Pirrtools Interactive Tutorial#

This notebook demonstrates the key features of the pirrtools library with interactive examples.

[ ]:
import pandas as pd
import pirrtools
from pirrtools.structures import AttrDict, AttrPath

Pandas Caching with Pirrtools#

The core feature of pirrtools is pandas DataFrame caching using the feather format.

[ ]:
# Create a sample DataFrame
df = pd.DataFrame({
    'product': ['A', 'B', 'C', 'D', 'E'],
    'sales': [100, 150, 200, 120, 180],
    'region': ['North', 'South', 'East', 'West', 'Central']
})

print("Sample DataFrame:")
df
[ ]:
# Use the pirr accessor for caching
# This will save the DataFrame to cache and allow quick reloading
cache_path = '/tmp/sample_data.feather'
df.pirr.to_cache(cache_path, overwrite=True)
print(f"DataFrame cached to: {cache_path}")

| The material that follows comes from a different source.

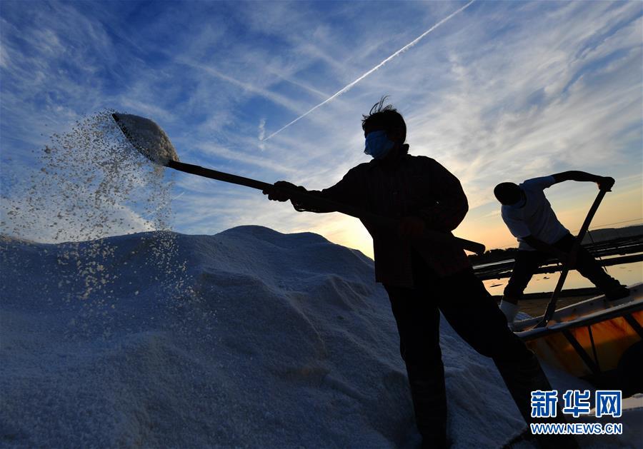 4月27日,莆田鹽場的工人在勞作。莆田鹽場位于福建省莆田市秀嶼區(qū)東嶠鎮(zhèn),辛勤勞作的鹽工、縱橫交錯的曬鹽池,共同構成如畫的風景。新華社記者魏培全攝

AttrPath - Attribute-based File Navigation#

Navigate the file system using dot notation with intelligent file viewing.

[ ]:
# Navigate to workspace directory
workspace = AttrPath('/workspace')
print(f"Workspace path: {workspace}")
print(f"Is directory: {workspace.is_dir()}")

# List some contents
if hasattr(workspace, 'D'):
    print(f"\nDirectories available: {list(workspace.D.__dict__.keys())[:5]}")
if hasattr(workspace, 'F'):
    print(f"Files available: {list(workspace.F.__dict__.keys())[:5]}")

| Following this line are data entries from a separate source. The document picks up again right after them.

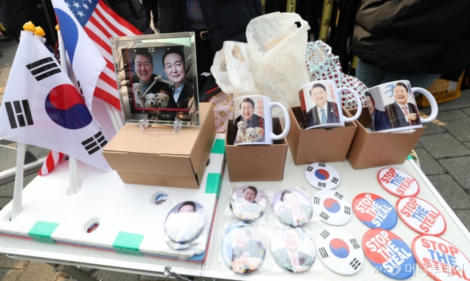 (서울=뉴스1) 권현진 기자 = 법원이 내란 수괴 혐의로 구속기소된 윤석열 대통령의 구속 취소를 인용한 7일 서울 용산구 한남동 대통령 관저 인근에 윤대통령의 석방을 환영하는 시계와 머그컵등이 놓여 있다. 2025.3.7/뉴스1 Copyright (C) 뉴스1. All rights reserved. 무단 전재 및 재배포, AI학습 이용 금지. /사진=(서울=뉴스1) 권현진 기자 |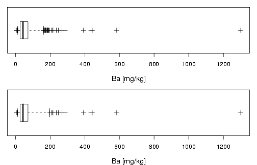 library(StatDA) data(chorizon) Ba=chorizon[,"Ba"] pdf("fig-3-15.pdf",paper="special",width=7,height=4.5) par(mar=c(4,1,1,1)) par(mfrow=c(2,1)) boxplotperc(Ba,quant=c(0.05,0.95),horizontal=T,xlab="Ba [mg/kg]",cex.lab=1.2,pch=3) boxplotperc(Ba,quant=c(0.02,0.98),horizontal=T,xlab="Ba [mg/kg]",cex.lab=1.2,pch=3) |
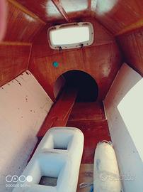 Lunghezza 6,30 mt, larghezza 3,80 mt, smontabile e carrellabile da auto media, due cuccette negli scafi, tughe rialzate, altezza interna 90cm, Randa e genoa in ottime condizioni, motore Yamaha 6cv gambo lungo, usato poco.

AttrDict - Dictionary with Attribute Access#

Access dictionary values using dot notation.

[ ]:
# Create an AttrDict
config = AttrDict({
    'database': {
        'host': 'localhost',
        'port': 5432,
        'name': 'mydb'
    },
    'debug': True,
    'features': ['caching', 'logging', 'monitoring']
})

print(f"Database host: {config.database.host}")
print(f"Database port: {config.database.port}")
print(f"Debug mode: {config.debug}")
print(f"Available features: {config.features}")